One of my coworkers at work installed it in a VM, and he's loving it so far. Loves the new Start Menu with Modern App integration.


----------



## Jake (Oct 4, 2014)

I have an old laptop for testing that I am borrowing that I decided to try it on. It only has 1GB of RAM and a single core processor. It was running XP before. While I was not able to upgrade directly from XP to 10 preview, I am very impressed by how much better it runs on the machine. It was a fresh install of XP I just made a couple of weeks ago, but 10 boots up faster (very quick! even on a non-SSD), installed quicker, and in general works very well.

I've been a regular Windows 8-8.1 user for over a year, but I think trying to offer more choice is a good thing. The start screen is now optional. I like that they've kept a shortcut for the search feature, because search in Windows 8 is great. It still doesn't feel incredibly different though, but the modifications they've made feel nice.


----------



## Edward (Oct 4, 2014)

Met 8.1 for the first time over the weekend as I was helping my sister straighten out a fairly new laptop. 

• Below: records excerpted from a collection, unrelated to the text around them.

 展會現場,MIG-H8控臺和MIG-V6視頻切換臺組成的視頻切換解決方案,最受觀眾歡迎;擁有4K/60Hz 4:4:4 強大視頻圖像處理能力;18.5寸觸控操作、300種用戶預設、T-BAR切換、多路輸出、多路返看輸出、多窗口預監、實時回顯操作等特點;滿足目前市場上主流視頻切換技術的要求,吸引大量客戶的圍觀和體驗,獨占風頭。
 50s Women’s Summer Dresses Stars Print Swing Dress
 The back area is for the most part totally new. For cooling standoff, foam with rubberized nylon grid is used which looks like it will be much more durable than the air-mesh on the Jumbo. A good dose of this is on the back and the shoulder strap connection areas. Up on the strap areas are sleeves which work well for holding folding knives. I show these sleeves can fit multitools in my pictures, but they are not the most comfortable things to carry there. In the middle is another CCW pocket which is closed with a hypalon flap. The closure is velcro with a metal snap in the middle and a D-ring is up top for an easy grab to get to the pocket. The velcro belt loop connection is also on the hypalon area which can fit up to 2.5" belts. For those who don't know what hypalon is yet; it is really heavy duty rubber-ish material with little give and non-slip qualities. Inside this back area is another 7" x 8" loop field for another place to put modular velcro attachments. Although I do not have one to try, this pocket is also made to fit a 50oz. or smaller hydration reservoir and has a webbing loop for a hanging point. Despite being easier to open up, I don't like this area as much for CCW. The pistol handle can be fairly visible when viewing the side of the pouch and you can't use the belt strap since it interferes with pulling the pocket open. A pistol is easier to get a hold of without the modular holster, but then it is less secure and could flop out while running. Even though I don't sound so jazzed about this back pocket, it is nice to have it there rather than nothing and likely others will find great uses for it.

They are laying off folks at Microsoft. They should start with anyone who had anything to do with rolling out 8. Sort of like Vista - I'm sure anything would seem like an improvement. So I expect to hear only good things about 9/10.


----------



## jandrusk (Oct 4, 2014)

Their EULA actually states that they will use a key logger to track your usage patterns. 

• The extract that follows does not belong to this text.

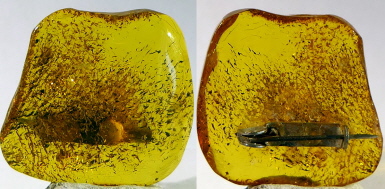 Ein 4g schwerer, 35mm großer Baltischer Naturbernstein, klar. Hinten ist eine Broschnadel angebracht.

Windows 10 Preview Has A Keylogger to Watch Your Every Move


----------



## VictorBravo (Oct 4, 2014)

jandrusk said:


> Their EULA actually states that they will use a key logger to track your usage patterns.
> 
> Windows 10 Preview Has A Keylogger to Watch Your Every Move



I just saw that. I signed up for the Insider Program and was getting ready to install on one of my older machines. I probably still will try it out, but it can't be used for anything important.


----------



## littlepeople (Oct 6, 2014)

For what it's worth adobe apps seem to be performing fine. Quad snapping is really nice, as is the multi-desktop feature. I'm not concerned about the keylogger. That's pretty much par for the course with a preview OS.


----------



## Shawn Mathis (Oct 7, 2014)

Tempting. I did the win 8 and Office 2013 beta.
Unfortunately, my request to keep the pen-input auto-pop u (just like win 7) fell on deaf ears. Win 8 is good for touch but a step-backward for pen-input.


----------